Совесть
Валерий Николаевич Есенков
Десятки лет литературоведы не могут дать полную и точную характеристику личности и творчества великого русского художника слова Н. В. Гоголя. Роман Валерия Есенкова во многом восполняет этот пробел, убедительно рисуя духовный мир одного из самых загадочных наших классиков: ему удалось постигнуть и передать читателю то, что испокон века называлось «тайной Гоголя». И ключевым словом здесь оказалось слово СОВЕСТЬ, оправданно давшее имя роману о самых, быть может, трудных, трагических днях и часах в жизни великого писателя.
Валерий Есенков
Совесть
Часть первая
Кто не знает Николая Васильевича!
Довольно высокий, пожалуй, самого среднего роста, в темном длинном, в меру приталенном сюртуке, свободно висящем на всё ещё достаточно плотном, однако же полегчавшем и подвысохшем от долгого недоедания теле, в бархатном зеленом двубортном жилете, застегнутом наглухо, до самого подбородка, возле которого, по обе стороны, из-под атласного черного галстука виднелись белые мягкие некрахмальные воротнички, в коричневых обношенных брюках на тонких, несколько кривоватых ногах, мерзко зябших, несмотря на самые толстые шерстяные чулки, с упавшими на выпуклый лоб длинными космами несколько уже поредевших волос, прямыми прядями спадавших ниже ушей, слегка изгибаясь над ними волной, с добродушной усмешкой в небольших красиво разрезанных карих глазах, такой странной на неправильном востроносом лице, хотя очень бледном, но здорового ровного цвета, с темными тонкими шелковистыми усиками над всё ещё полными, но тоже бледными и сухими губами, с нерешительной грустной улыбкой, весь беззащитный, открытый, погруженный в раздумье, о чем и о ком?

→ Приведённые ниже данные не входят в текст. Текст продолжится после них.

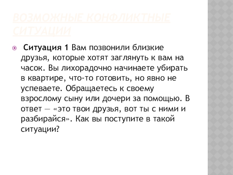 заглянуть к вам на часок. Вы лихорадочно начинаете убирать в квартире, что-то готовить, но явно не успеваете. Обращаетесь к своему взрослому сыну или дочери за помощью. В ответ — «это твои друзья, вот ты с ними и разбирайся». Как вы поступите в такой ситуации?
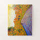 A woman takes a walk down a road lined with trees ablaze with fall foliage on this beautiful jigsaw puzzle.
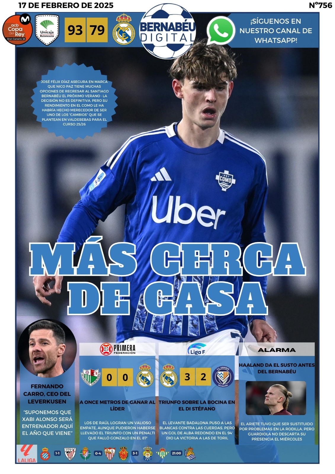 En nuestra edición de este lunes 17 de febrero de 2025, en Bernabéu Digital hemos decidido abrir portada con el posible regreso de Nico Paz al Real Madrid este verano, una opción que está ganando mucha fuerza según ha informado el diario Marca en las últimas horas.
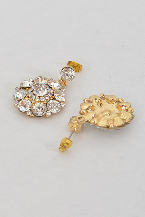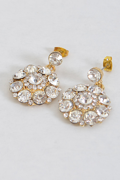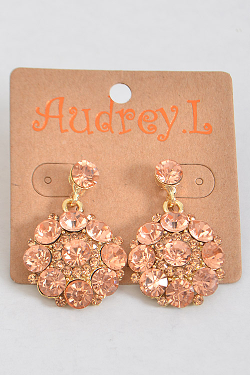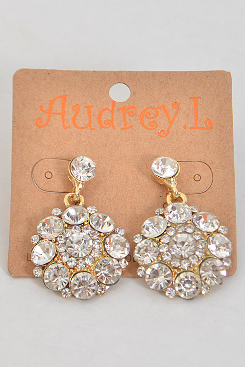 - * Rhinestone Flower Formal Shiny Earrrings * 0.9 X 1.3" approx.
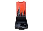 Stupňovité vrtáky jsou známy též pod označením kuželové vrtáky nebo stromečkové vrtáky. Oceníte je při vrtání tenkých plechů, ale i při vrtání například do plastu, plexiskla i hliníku. Mezi benefity těchto vrtáků patří, že velkou díru vyvrtají najednou, díky postupnému navrtávání materiálu. Nevíte, který stupňovitý vrták si vybrat? Poradíme vám s výběrem. Celý výběr kusových vrtáků i celých sad naleznete v této kategorii níže.
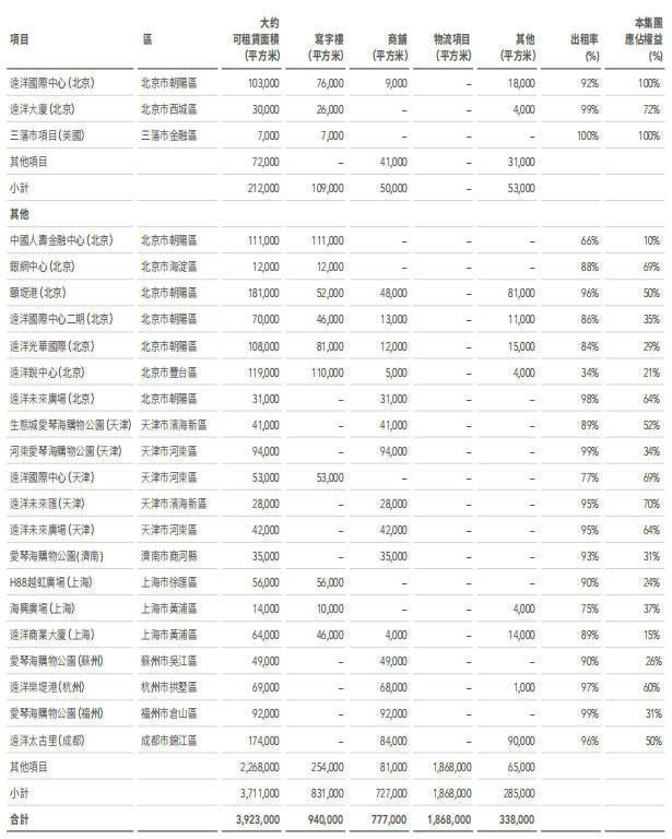 截至2021年年末,遠洋集團合共持有超過23個經營中投資物業。截至2021年末,集團可租賃面積合共3,923,000平方米,其中寫字樓占比約24%,物流項目約為48%,其他包括商業、車位及其他占比約28%。
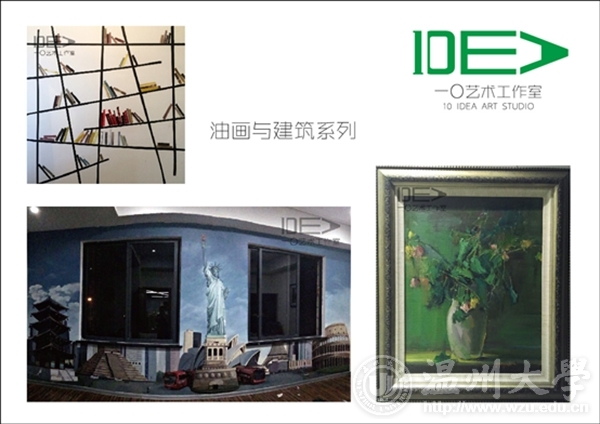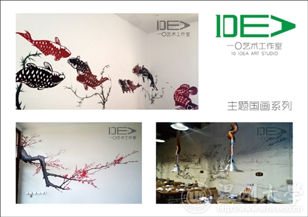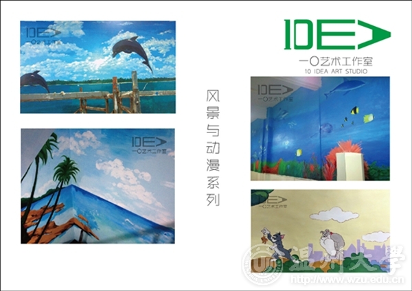 团队名称:一〇艺术工作室 负责人:吕舒宁 联系电话:18367810822 工作室简介 “一〇”艺术工作室成立于2013年,由努努影院 油画、国画以及环艺专业的几位热血青年组成。以墙绘艺术创作,定做油画、国画为核心。秉承“一”是最简单的开始,“〇”是无限大的创意。我们只为用色彩点亮客户的艺术生活,为此我们以初心——永不止步。 工作室成员 吕舒宁、蒋成杰、郭龙、朱雄辉、陈情、林瑞恬、黄磊、顾天成、陈伟伟 经营业务范围 1.油画国画风景、人物类定做 2.室内室外墙体艺术彩绘 3.绘画作品临摹临摹(包括油画、国画、书法等) 4.平面设计 作品展示 创业感想 我们是大学生中的沧海一粟,我们曾彷徨,为不定的未来着急。绘画从来都是高贵的玩具,年轻的我们还拿不起。某个契机,看到了专业的缩影——墙绘。我们是专业的画手,我们有最新颖的想法,我们愿用热血呈现精彩的视觉享受。 细看生活不难发现随着经济的发展,人们开始追求上层建筑的享受,而绘画艺术必将广泛的进入我们的生活,已经成为一种生活的方式。我们知道翅膀硬的老鹰才能飞的更高,所以我们将明确目标,实事求是,执着追求,最终可以让所有人的生活变得更加美好。
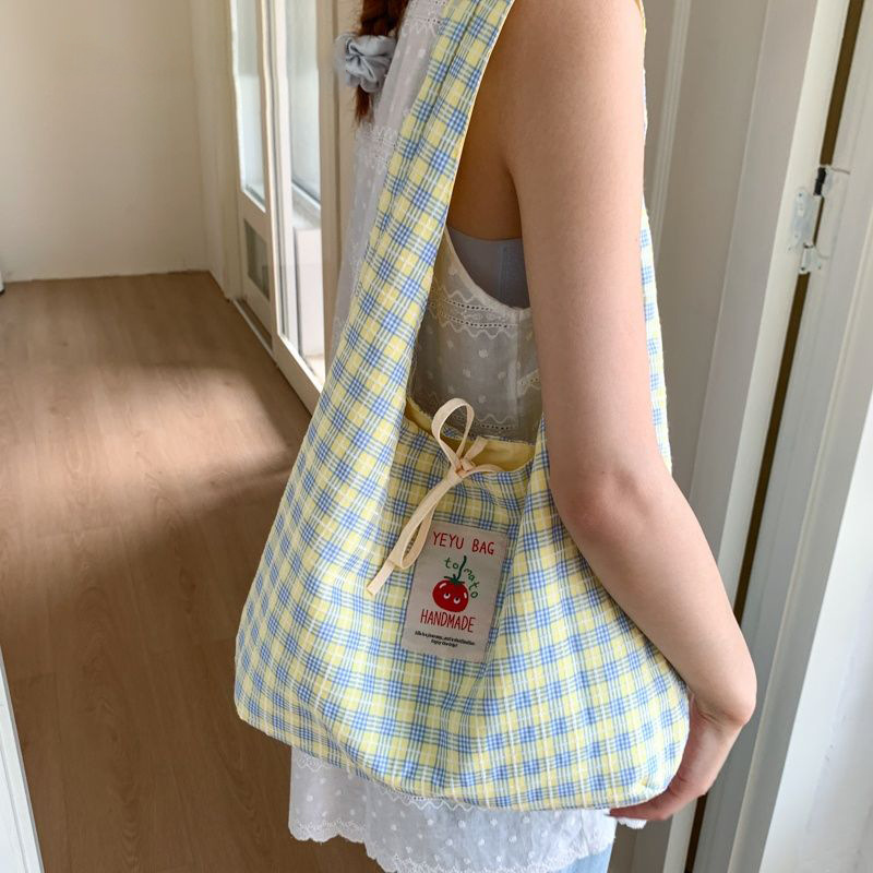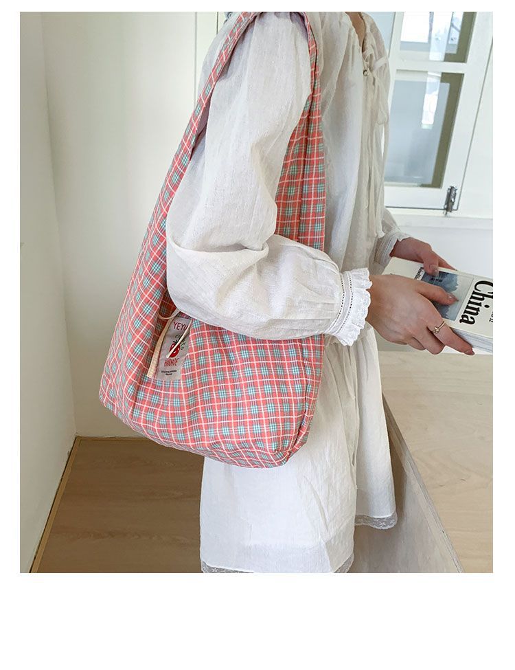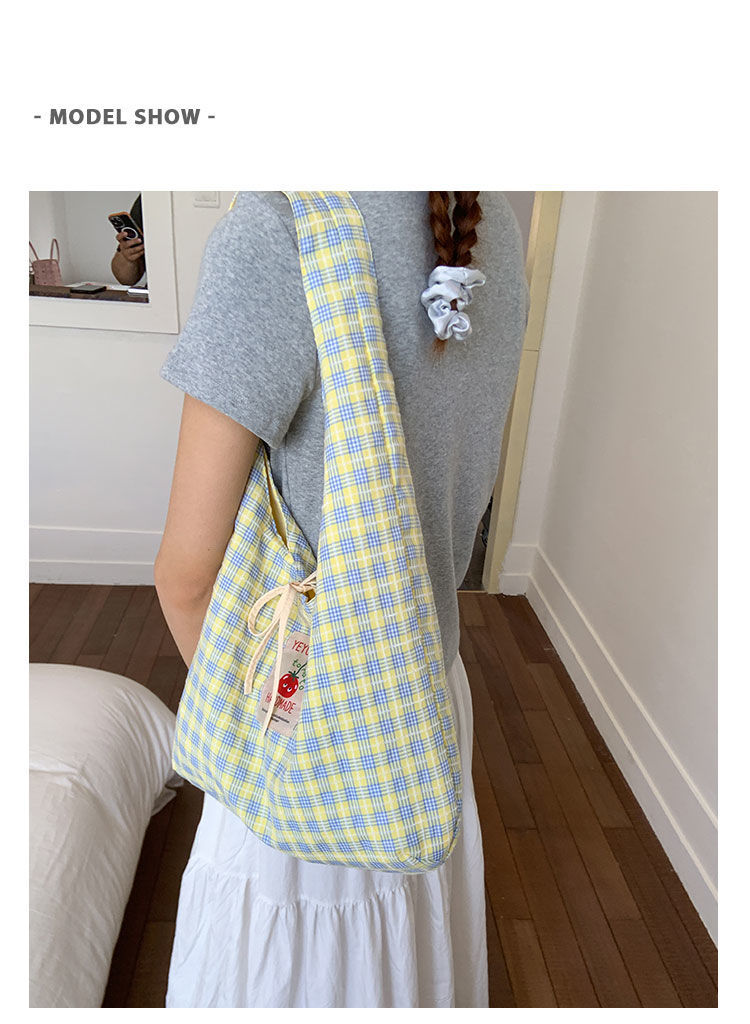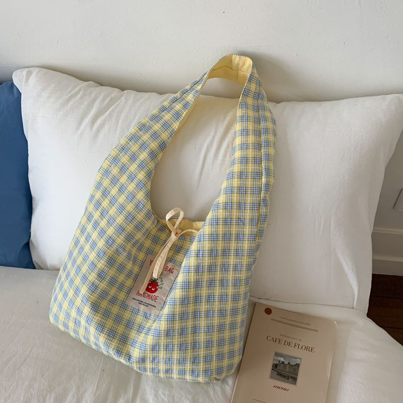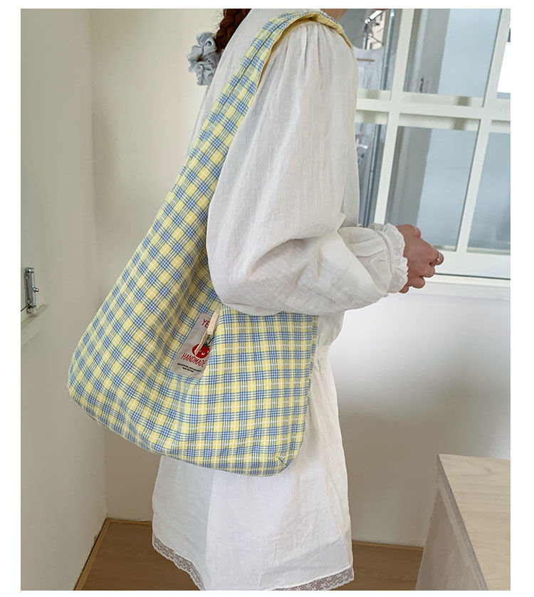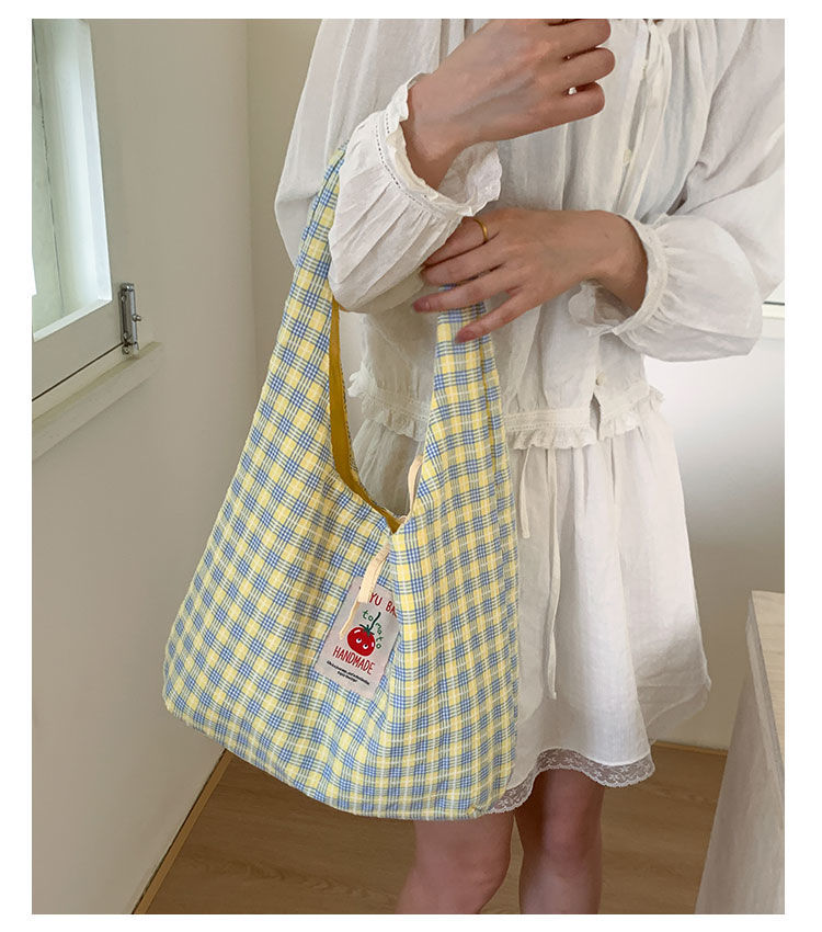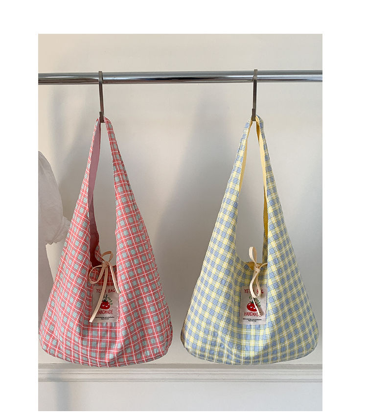 新款日系小清新格子时尚手提包学生大容量上课帆布包女便当包

Он стоял у окна, опершись плечом о косяк, и думал о том, что уже никакого места не стало нигде на земле человеку, где бы жить, как хотел, пристойно и скромно, в тишине и угодных Богу, полезных людям трудах. Он думал о том, что в Париже, погрязшем всегда в настоящем, без прозрения в будущее, без рассудительной оглядки в прошедшее, наконец окончилось новое возмущение, в начале которого был согнан с престола наследственных королей прежний самозваный король, в продолжение которого место разума и порядка заступили хаос и штык и в итоге которого на всё том же обесчещенном престола наследственных королей уселся новый самозваный король, бездомный бродяга, прощелыга, авантюрист, по всей видимости много худший, чем прежний, что по этой причине нынче мало кого выпускают в Европу, страшась, как бы эта французская заразительная болезнь не распространилась в России, и что, казалось, четырех лет кровавой резни и смятений должно быть довольно, чтобы увидеть наконец и слепым: стезя хаоса, крови, штыка не возродит ни человека, ни человечества, как тем мечталось и мнилось, кто вставал во главе возмущения.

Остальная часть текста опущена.